2) Standard form is also called scientific notation form.
3) A number written as \(m \times 10^n\) is said to be in standard form if m is a decimal number such that \(1 \leq m<10\) and n is either a positive or a negative integer.
Read and Learn More KSEEB Solutions for Class 8 Maths
Examples: 150,000,000,000 = \(1.5 \times 10^{11}\)
Exponential notation is a powerful way to express repeated multiplication of the same number. For any non-zero rational number ‘a’ and a natural number n, the product \(a x a x a x ….. x a(n times)=a^n\).
It is known as the nth power of ‘a’ and is read as ‘a’ raised to the power ‘n’, The rational number a is called the base, and n is called exponent.

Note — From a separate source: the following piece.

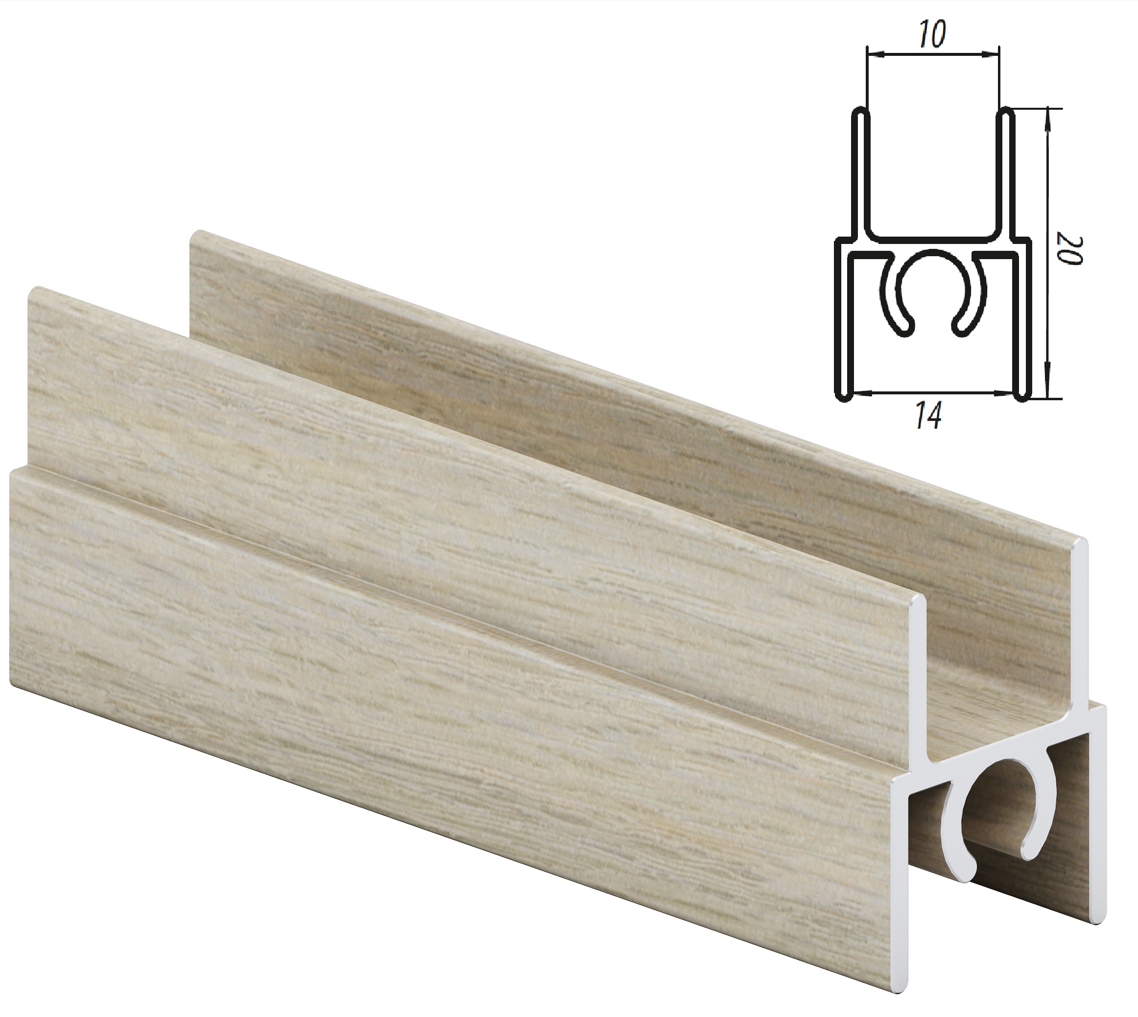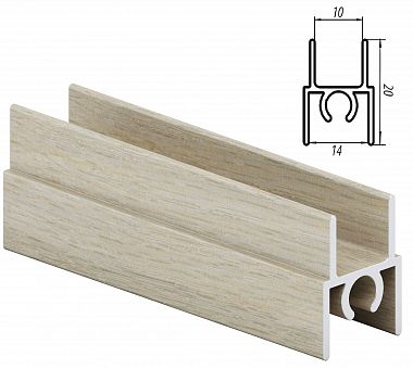 Горизонтальный верхний профиль монтируется на торец верхнего среза двери раздвижной системы дверей для шкафа-купе. Эта деталь также придает дверному полотну эстетичный вид и служит в качестве декоративной планки.

Kseeb Solutions For 8th Class Maths Chapter 9
Exponents And Powers Solutions KSEEB Class 8 Maths Chapter 9 Exercise 9.1
1. Evaluate
1) \(3^{-2}\)
Solution: \(3^{-2}=\frac{1}{3^2}=\frac{1}{9}\)
\(\left(a^{-m}=\frac{1}{a^m}\right)\)
2) \((-4)^{-2}\)
Solution: \((-4)^{-2}=\frac{1}{(-4)^2}=\frac{1}{16}\)
\(\left(a^{-m}=\frac{1}{a^m}\right)\)
3) \(\left(\frac{1}{2}\right)^{-5}=\frac{1} {(2)^{-5}}=2^5=32\)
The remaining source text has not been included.